Type 2 diabetes, which affects >0.5 billion people worldwide, results from the inability of beta cells in the pancreatic islets to provide the body with enough insulin to maintain blood glucose levels within the range for a healthy life.
A collaborative study led by Prof. Michele Solimena at the Technische Universität in Dresden as well as the Helmholtz Zentrum München, Dr. Anke M Schulte at Sanofi in Frankfurt, Dr. Mark Ibberson at the Swiss Institute of Bioinformatics (Lausanne) and Prof. Piero Marchetti at University of Pisa as part of the EU-Innovative Medicine Initiative (IMI) research consortium IMIDIA has identified a novel cluster of dysregulated genes in the pancreatic islets of patients with type 2 diabetes.
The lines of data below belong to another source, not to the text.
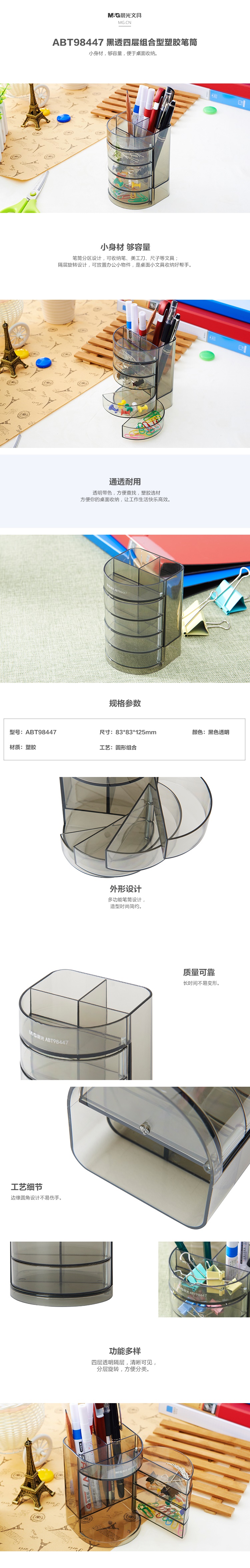 晨光黑透四层组合型塑胶笔筒ABT98447 自营
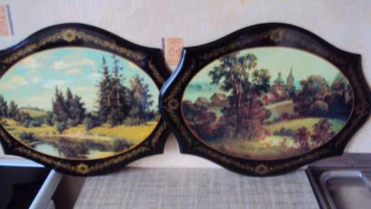 Продаю 2 лаковые миниатюры на дереве,размер 37х28 см.Цена 1500 руб/шт.
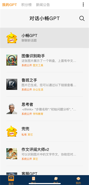 4、轻触底部导航栏中的“作品”选项,即可开启创建个人智能体的奇妙旅程。小畅GPT汇聚了上百款智能体,每一位用户都能依据自身喜好与需求,打造独一无二的智能伙伴。立即行动,开启你的智能体创作之旅。
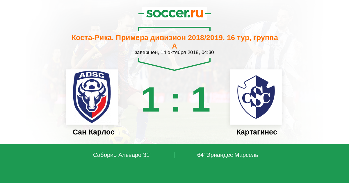 Коста-Рика. Примера дивизион 14.04.2019 Сан Карлос Логотип футбольный клуб Сан Карлос (Сьюдад Куэсада) 2:0 Логотип футбольный клуб Картахинес (Карфаген) Картахинес

These findings are now published in Diabetologia (the journal of the European Association for the Study of Diabetes [EASD]).
The goal of the IMIDIA consortium, which involved 14 European academic institutions, large pharma companies and biotech firms from 02.2010 until 09.2016, was to identify novel paths for the regeneration, maintenance and protection of insulin-producing pancreatic beta cells as a mean to expedite the discovery of more effective strategies to prevent and treat diabetes. A main task of the IMIDIA consortium was to define which genes are abnormally expressed in islet beta cells of diabetic subjects compared to islet beta cells of non-diabetic subjects. The altered expression of these genes could account for beta cell failure in diabetes. For the first time, the investigators based their comparative gene expression analysis not only on islets collected from non-diabetic and diabetic organ donors, for which the availability of clinical information is limited, but also on islets from patients undergoing pancreatic surgery. For the latter subjects in depth medical information was available and the diabetic status could be accurately assessed immediately prior to surgery. This approach enabled therefore the assembly of the largest collection of islets from non-diabetic and diabetic subjects, but also access to islets from prediabetic individuals. The investigators identified in this way nineteen genes the expression of which was altered in islets of both diabetic organ donors as well as diabetic surgical patients, as compared with non-diabetic islets from these cohorts. Notably, nine of these nineteen genes had never been shown previously to be dysregulated in diabetic islets. On the other hand, the study could not find evidence for any of these genes to be dysregulated in islets of prediabetic subjects, hence suggesting that their altered expression is a consequence rather than the cause of beta cell failure in diabetes. Hence, future studies shall be devoted to discover which genes are dysregulated prior to the demise of the beta cells. For this purpose, more islets must be collected from prediabetic subjects and this is precisely one of the main tasks pursued by the recently launched EU-IMI consortium RHAPSODY, which includes all four teams leading the present IMIDIA study as partners.
“We believe that our data provides novel molecular insights into what is going wrong in diabetic beta cells and sets new standards for how studies in this field shall be carried out in the future. Ultimately, we are confident that our approach will provide a new view for how exposure of beta cells to nutrient overload wears their function overtime, hence impairing their ability to satisfy the excessive demand of insulin to maintain metabolic homeostasis” says Prof. Michele Solimena, one of the four leading investigators of this study.